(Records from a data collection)
- Opening Delimiter -
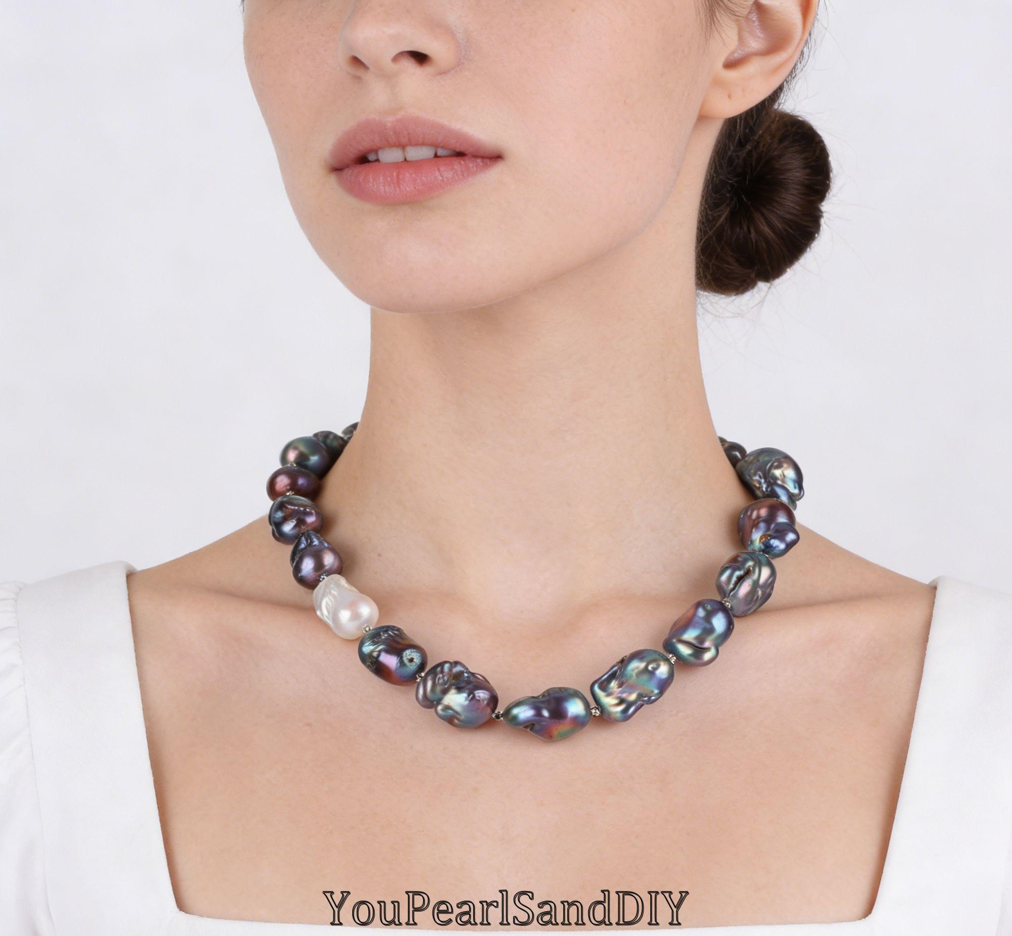 14-16x18-25MM Peacock Black Baroque Pearl Necklace with White Pearl...
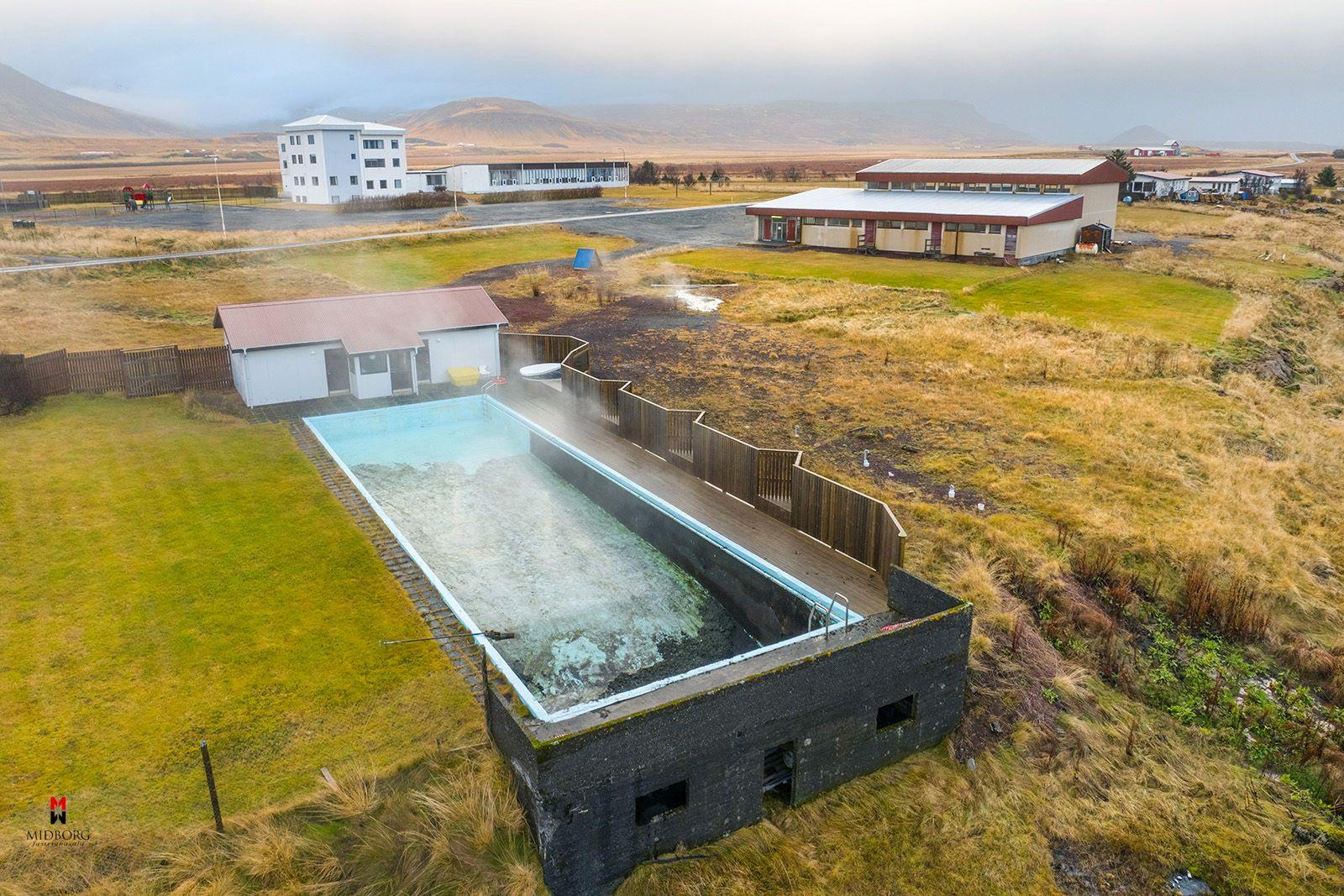 Um er að ræða ágæta sundlaug, skráð 314 m3 byggð upphaflega 1945, ásamt 77,3 fm. búningsaðstöðu- og aðstöðuhúss sem byggt var árið 2002. Sundlaugin hefur verið í ágætu viðhaldi, er lögð nútíma efnum og nýleg verönd (nokkurra ára) hefur verið byggð í kringum hana, með heitum potti.
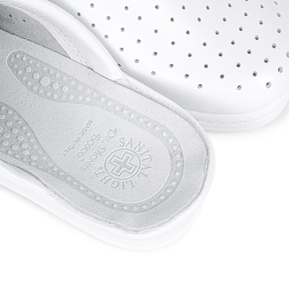 Lyukacsos, jól szellőző bőr felsőrésszel készült könnyű klumpa. Az anatómiai szempontok szerint előformázott talpbelső növeli a láb felfekvő felületét és biztosítja a nagyobb stabilitást. A talp puha poliuretán anyaga csillapítja a járás során, a láb földre érkezésekor keletkező rezgések ízületekre gyakorolt káros hatását. Ez az anyagösszetételének köszönhetően könnyű, rugalmas talp minden felületen lehetővé teszi az optimális tapadást, amely biztonságot és a stabilitás nyújt a lábnak. Az olasz tervezők a Sanital Light papucsokat a láb teljes jólétének biztosítására tervezték. A papucs célja, hogy megszüntesse azokat a problémákat, amelyek nem csak a lábfejnél jelentkeznek (bőrkeményedés, duzzanat), hanem a lábszárra és a hátra, gerincre is kivetülnek (rossz vérkeringés, nehéz láb érzet, hátfájás). Otthoni papucs vagy munkapapucs.
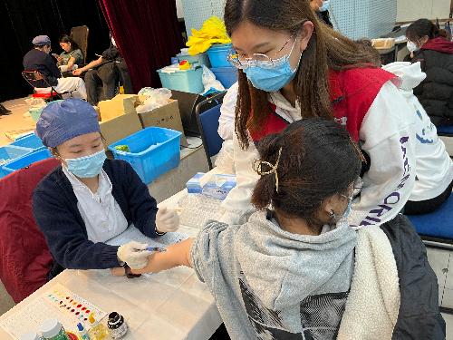 在等待献血的过程中,财税同学井然有序地完成填报信息、测量血压、采血等环节。等待过程中,同学们时刻关注着检测结果,和现场的医护人员沟通自己的情况,希望自己能够顺利献血。学院的老师和志愿者同学也在大家等待的过程中,送上一杯杯温暖的红糖水,为同学们补充能量。
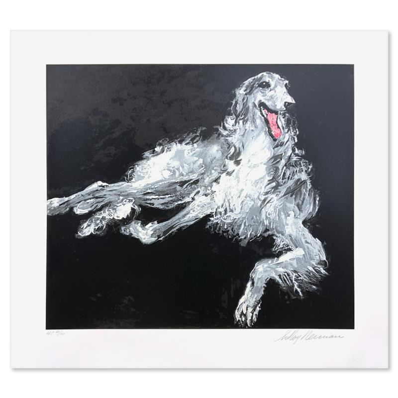 "Borzoi" is a limited edition serigraph on paper by LeRoy Neiman (1921-2012), HC numbered 82/100 and hand signed by the artist. Includes Letter of Authenticity. Measures approx. 36.5" x 33" (border), 28" x 24" (image). Due to the age of the piece there is very minor creasing in the white border area that will be concealed when framed.
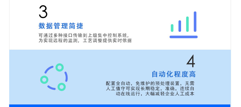 配置全自動,免維護的預處理裝置,無需人工值守可實現長期穩定,準確,連續自動在線運行,大幅減輕企業人工成本
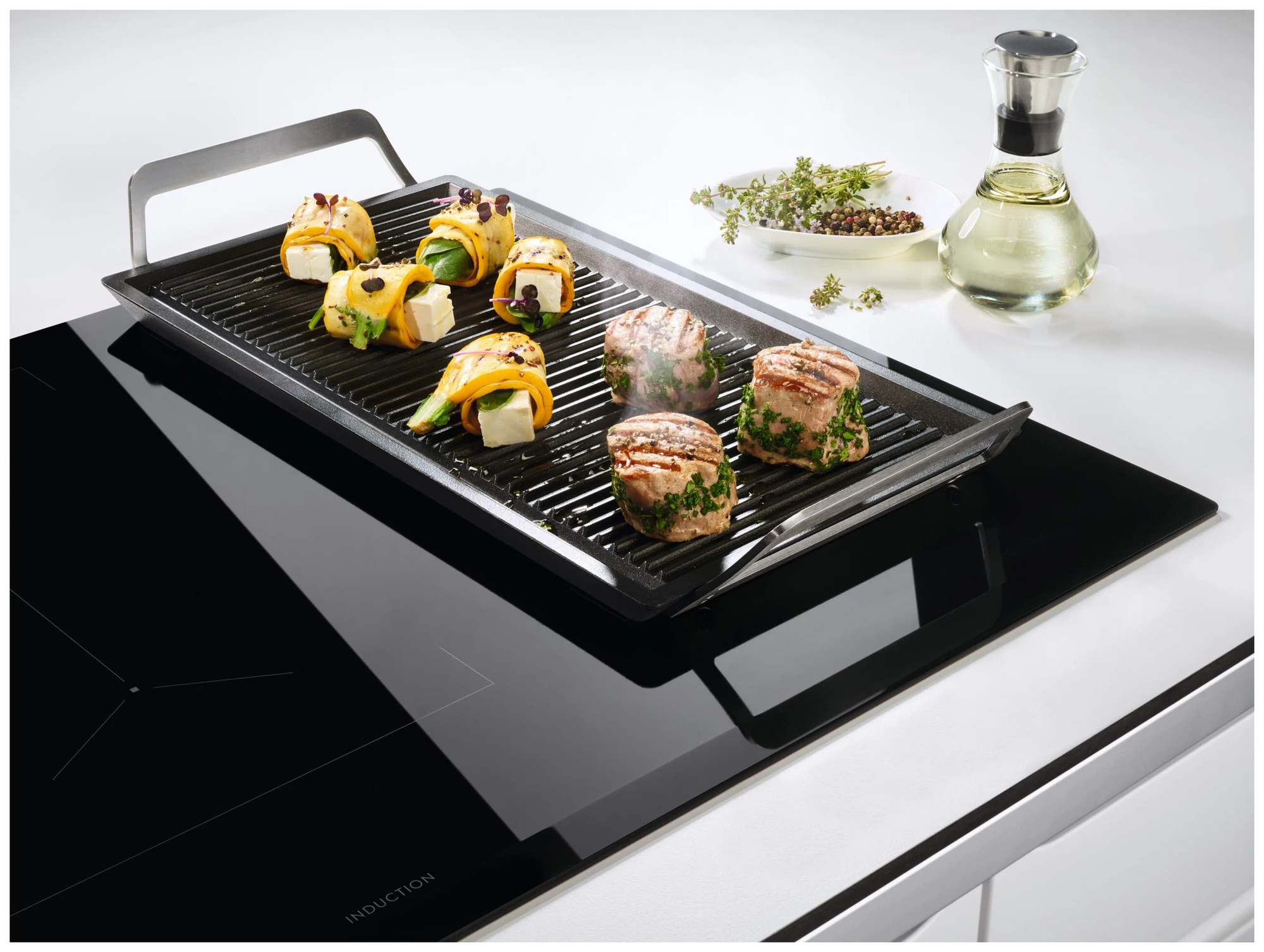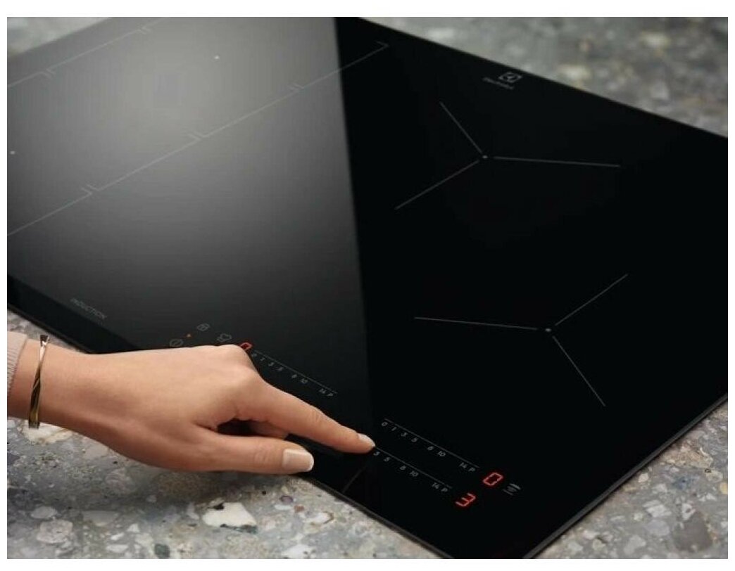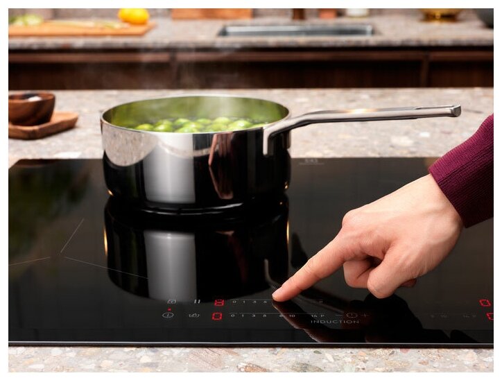 автоматика закипания, наличие вытяжки, распознавание наличия посуды, распознавание размера посуды, таймер, функция Booster, функция Bridge
- Closing Delimiter -
§ What is needed: Nothing but the lines above, starting at the line that contains "Lyukacsos, jól szellőző" and ending at the line that contains "在等待献血的过程中,财税同学", should be given again, exactly and without the pictures.

§ Solution to this problem:
 Lyukacsos, jól szellőző bőr felsőrésszel készült könnyű klumpa. Az anatómiai szempontok szerint előformázott talpbelső növeli a láb felfekvő felületét és biztosítja a nagyobb stabilitást. A talp puha poliuretán anyaga csillapítja a járás során, a láb földre érkezésekor keletkező rezgések ízületekre gyakorolt káros hatását. Ez az anyagösszetételének köszönhetően könnyű, rugalmas talp minden felületen lehetővé teszi az optimális tapadást, amely biztonságot és a stabilitás nyújt a lábnak. Az olasz tervezők a Sanital Light papucsokat a láb teljes jólétének biztosítására tervezték. A papucs célja, hogy megszüntesse azokat a problémákat, amelyek nem csak a lábfejnél jelentkeznek (bőrkeményedés, duzzanat), hanem a lábszárra és a hátra, gerincre is kivetülnek (rossz vérkeringés, nehéz láb érzet, hátfájás). Otthoni papucs vagy munkapapucs.
 在等待献血的过程中,财税同学井然有序地完成填报信息、测量血压、采血等环节。等待过程中,同学们时刻关注着检测结果,和现场的医护人员沟通自己的情况,希望自己能够顺利献血。学院的老师和志愿者同学也在大家等待的过程中,送上一杯杯温暖的红糖水,为同学们补充能量。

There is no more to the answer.